- **Provided entries**
# # # #
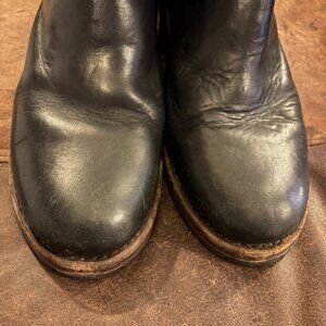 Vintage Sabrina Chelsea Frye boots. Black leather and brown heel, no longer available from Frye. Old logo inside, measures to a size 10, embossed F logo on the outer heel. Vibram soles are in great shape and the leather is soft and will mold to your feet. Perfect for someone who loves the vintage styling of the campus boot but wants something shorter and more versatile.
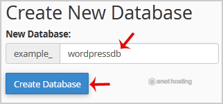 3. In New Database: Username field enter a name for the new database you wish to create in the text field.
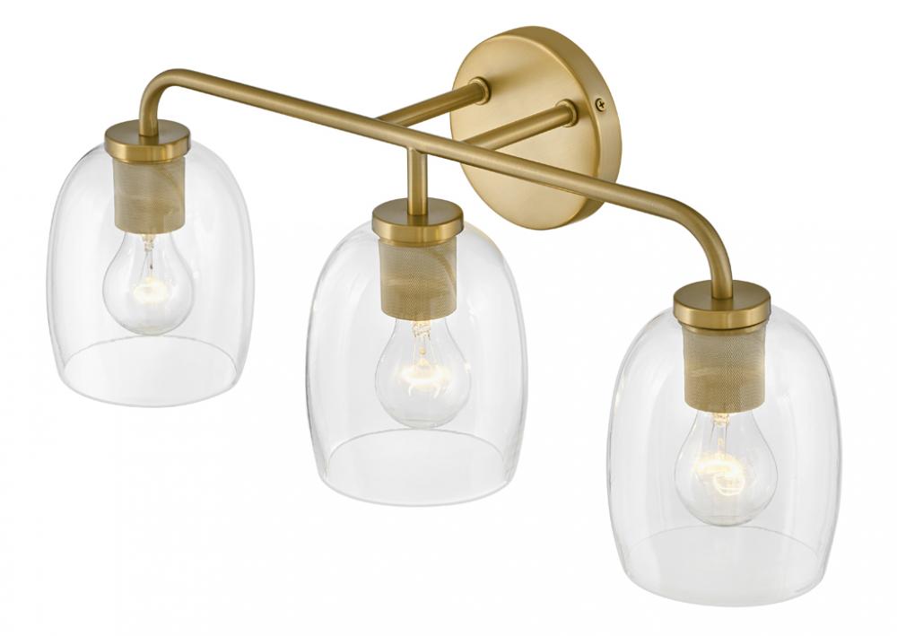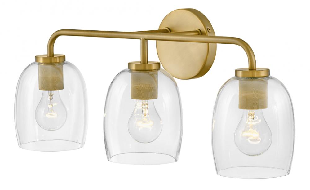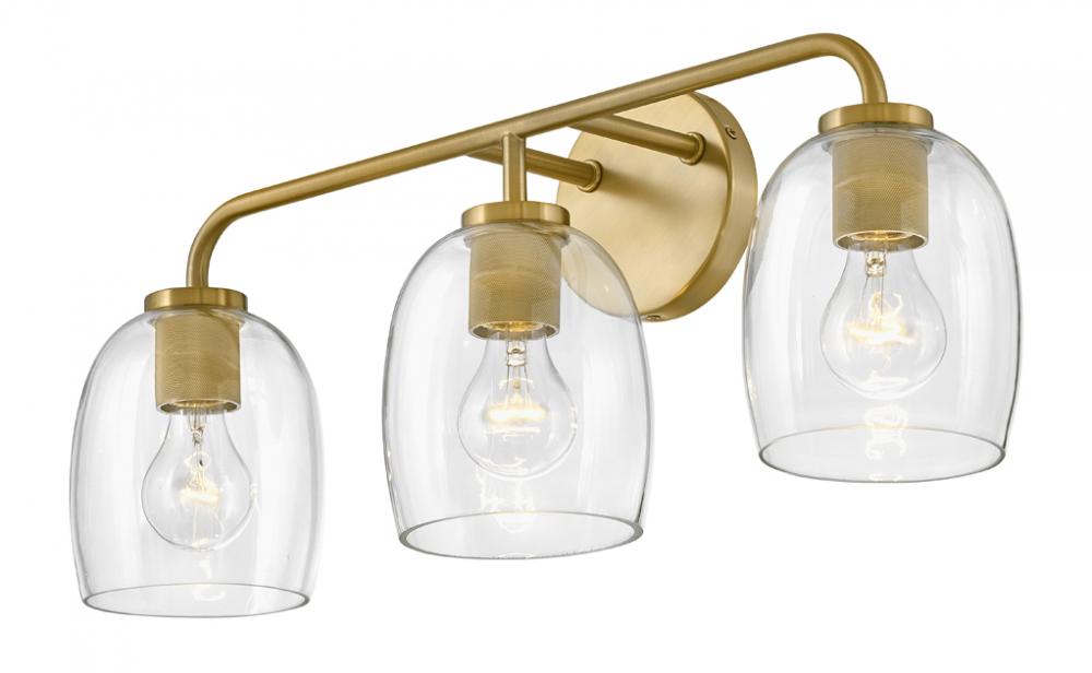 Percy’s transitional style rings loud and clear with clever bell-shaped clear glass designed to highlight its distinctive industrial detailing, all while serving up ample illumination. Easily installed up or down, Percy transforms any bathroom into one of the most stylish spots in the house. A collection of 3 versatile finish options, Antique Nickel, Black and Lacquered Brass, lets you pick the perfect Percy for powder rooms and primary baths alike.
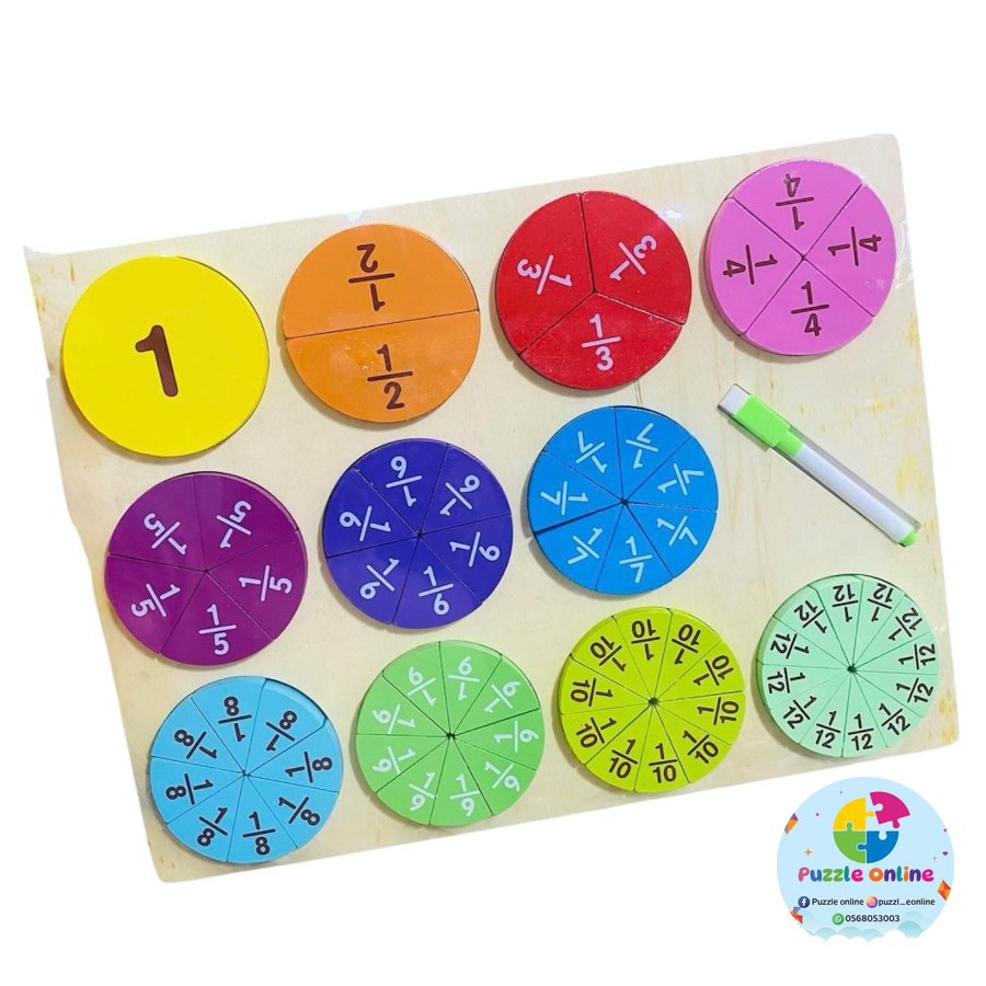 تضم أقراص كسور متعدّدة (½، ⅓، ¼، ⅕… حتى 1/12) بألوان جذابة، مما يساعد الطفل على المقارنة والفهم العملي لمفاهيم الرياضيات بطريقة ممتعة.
# # # #
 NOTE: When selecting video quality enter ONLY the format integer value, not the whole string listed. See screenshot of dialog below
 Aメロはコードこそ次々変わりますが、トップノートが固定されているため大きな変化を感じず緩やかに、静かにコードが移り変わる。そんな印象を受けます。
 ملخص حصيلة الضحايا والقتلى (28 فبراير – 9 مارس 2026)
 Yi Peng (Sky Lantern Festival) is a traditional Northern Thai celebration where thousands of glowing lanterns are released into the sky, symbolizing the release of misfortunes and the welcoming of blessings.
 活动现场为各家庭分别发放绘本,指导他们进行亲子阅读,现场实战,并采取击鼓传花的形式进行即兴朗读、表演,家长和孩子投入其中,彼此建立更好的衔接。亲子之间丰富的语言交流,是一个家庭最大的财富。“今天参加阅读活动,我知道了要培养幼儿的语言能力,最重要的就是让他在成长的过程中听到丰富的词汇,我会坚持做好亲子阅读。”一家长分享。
# # # #
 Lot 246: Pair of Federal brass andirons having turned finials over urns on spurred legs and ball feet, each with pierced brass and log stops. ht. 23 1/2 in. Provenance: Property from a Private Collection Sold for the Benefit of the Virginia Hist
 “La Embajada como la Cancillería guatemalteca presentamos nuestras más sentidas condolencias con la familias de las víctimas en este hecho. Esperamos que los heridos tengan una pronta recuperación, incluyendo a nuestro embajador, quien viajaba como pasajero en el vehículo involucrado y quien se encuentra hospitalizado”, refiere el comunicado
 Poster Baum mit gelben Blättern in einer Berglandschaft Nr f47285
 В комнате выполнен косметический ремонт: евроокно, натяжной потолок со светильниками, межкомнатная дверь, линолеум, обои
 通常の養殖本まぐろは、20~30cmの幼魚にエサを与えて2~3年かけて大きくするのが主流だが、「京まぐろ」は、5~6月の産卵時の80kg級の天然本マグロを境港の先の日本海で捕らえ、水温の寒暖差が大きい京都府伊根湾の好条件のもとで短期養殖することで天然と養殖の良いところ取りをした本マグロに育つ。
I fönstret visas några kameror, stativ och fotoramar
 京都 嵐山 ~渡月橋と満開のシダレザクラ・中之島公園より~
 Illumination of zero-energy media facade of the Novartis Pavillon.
# # # #
- **The problem**
Retype, exactly and in full, the lines above from the one containing "В комнате выпо" through the one containing "Illumination of zero-energy".

- **Completed exercise**
 В комнате выполнен косметический ремонт: евроокно, натяжной потолок со светильниками, межкомнатная дверь, линолеум, обои
 通常の養殖本まぐろは、20~30cmの幼魚にエサを与えて2~3年かけて大きくするのが主流だが、「京まぐろ」は、5~6月の産卵時の80kg級の天然本マグロを境港の先の日本海で捕らえ、水温の寒暖差が大きい京都府伊根湾の好条件のもとで短期養殖することで天然と養殖の良いところ取りをした本マグロに育つ。
I fönstret visas några kameror, stativ och fotoramar
 京都 嵐山 ~渡月橋と満開のシダレザクラ・中之島公園より~
 Illumination of zero-energy media facade of the Novartis Pavillon.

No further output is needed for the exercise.